The analytical results for this model that we report here are exact, i.e., these are derived without making any mathematical approximations. The derivations of these analytical expressions do not require imposition of any condition on the numerical values of the rate constants. However, we now list some biologically motivated constraints on the relative magnitudes of the rate constants that we’ll use later in this paper only for presenting the results graphically for biologically relevant situations. Based on the levels of base-pair complementarity between the codon and the anticodon of the incoming tRNA, we expect that under normal physiological conditions the following conditions would be satisfied: \(\omega _{r1}'''> \omega _{r1}'' > \omega _{r1}' = \omega _{r1}\). Motivated by similar considerations, for graphical plots, we also assume \(\omega _{r2}'''> \omega _{r2}'' > \omega _{r2}' = \omega _{r2}\). Continuing similar justification for the reduction in the number of model parameters, we assume \(\Omega _{p} \simeq \Omega _{p}' \simeq \omega _{p}' < \omega _{p}\).

3 Results

We begin our theoretical analysis by first solving the master equations (26) under steady-state conditions to get the corresponding expressions for \(P_{\mu }\); the full analytical expressions are given in Appendix A. Then, using those expressions for \(P_{\mu }\), we calculate the quantities of our interest namely, \(\phi \), \(E_\mathrm{mc}\), \(E_\mathrm{mr}\), \(\epsilon _\mathrm{mc}\), \(\epsilon _\mathrm{mr}\) and V. The results are listed below.

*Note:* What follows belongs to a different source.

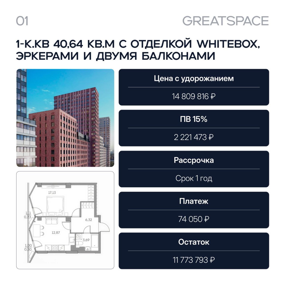 Пока вы читаете этот пост — кто-то уже подписывает бронь (и это не метафора, а реальность этой квартиры) Сегодня хотели рассказать про очень симпатичную 1-комнатную квартиру — 40,64 м² счастья со стильной планировкой и очень приятной скидкой в 5 млн. рублей. Но... её уже забронировали наши клиенты, пока мы набирали текст поста. Хорошие новости есть — мы можем подобрать вам такую же. И на таких же крутых условиях. Смотрите, какие расчёты были на эту квартиру: Цена квартиры прайс: 19 321 352 р. Цена со скидкой: 14 491 014 р. 1️⃣ Рассрочка с минимальным первоначальным взносом (предусмотрена небольшая наценка) • Цена с удорожанием 14 809 816р. • ПВ 15% = 2 221 473р. • Ежемесячный платеж в течение 12 мес. = 74 050р. • Остаток суммы через 12 мес. = 11 773 793р., возможен переход на ипотеку 2️⃣ Семейная ипотека • Цена квартиры 14 491 014 р. • ПВ 20% = 2 898 203р. • Ипотека = 11 592 811р. • Ставка 6%, срок 360 мес. • Ежемесячный платеж = 69 505 р. 📱Хотите рассчитать платежи для себя? П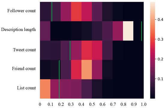 - Profile features, such as user name length, account age, and follower count.

$$\begin{aligned} \phi = \dfrac{A}{A+B+C+D} \end{aligned}$$
(10)

and, hence,

$$\begin{aligned} E = 1-\phi = \dfrac{B+C+D}{A+B+C+D} \end{aligned}$$
(11)

which is sum of the two contributions

$$\begin{aligned} E_\mathrm{mc} = \dfrac{B}{A+B+C+D} \end{aligned}$$
(12)

and

$$\begin{aligned} E_\mathrm{mr}=\dfrac{C+D}{A+B+C+D}. \end{aligned}$$
(13)

Similarly, we get

$$\begin{aligned} \epsilon _\mathrm{mc} = \dfrac{B}{B+C+D} \end{aligned}$$
(14)

and

$$\begin{aligned} \epsilon _\mathrm{mr} = 1-\epsilon _\mathrm{mc} = \dfrac{C+D}{B+C+D} . \end{aligned}$$
(15)

In all the expressions (10)–(15) ABC and D are given by

$$\begin{aligned} A = \frac{\omega _a}{\left[ 1+(\omega _{r1}/\omega _{h1})\right] \left[ 1+(\omega _{r2}/\omega _p)\right] }\nonumber \\ B = \frac{\omega _a'}{\left[ 1+(\omega _{r1}'/\omega _{h1}')\right] \left[ 1+(\omega _{r2}'/\omega _p')\right] }\nonumber \\ C = \frac{\omega _a''}{\left[ 1+(\omega _{r1}''/\omega _{h1}'')\right] \left[ 1+(\omega _{r2}''/\Omega _p)\right] }\nonumber \\ D = \frac{\omega _a'''}{\left[ 1+(\omega _{r1}'''/\omega _{h1}''')\right] \left[ 1+(\omega _{r2}'''/\Omega _p')\right] } \end{aligned}$$
(16)

The expressions (10)–(15) can be easily justified by intuitive physical arguments. Let us first consider the special case where \(\omega _{r1} = \omega _{r1}' = \omega _{r1}'' = \omega _{r1}''' = 0 =\omega _{r2} = \omega _{r2}' = \omega _{r2}'' = \omega _{r2}'''\). In this case, the expressions for ABC and D reduce to \(A=\omega _{a}, B=\omega _{a}', C=\omega _{a}''\) and \(D=\omega _{a}'''\), respectively. Consequently, \(\phi = \omega _{a}/(\omega _{a}+\omega _{a}'+\omega _{a}''+\omega _{a}''')\) is the probability of following the path \(1 \rightarrow 2\), instead of the other three alternatives, namely \(1 \rightarrow 2'\), \(1 \rightarrow 2''\) and \(1 \rightarrow 2'''\). Similarly, in this special case, the expression \(\epsilon _\mathrm{mc} = \omega _{a}'/(\omega _{a}'+\omega _{a}''+\omega _{a}''')\) is expected because \(\epsilon _\mathrm{mc}\) is the probability of following the path \(1 \rightarrow 2'\), instead of the two alternatives \(1 \rightarrow 2''\) and \(1 \rightarrow 2'''\).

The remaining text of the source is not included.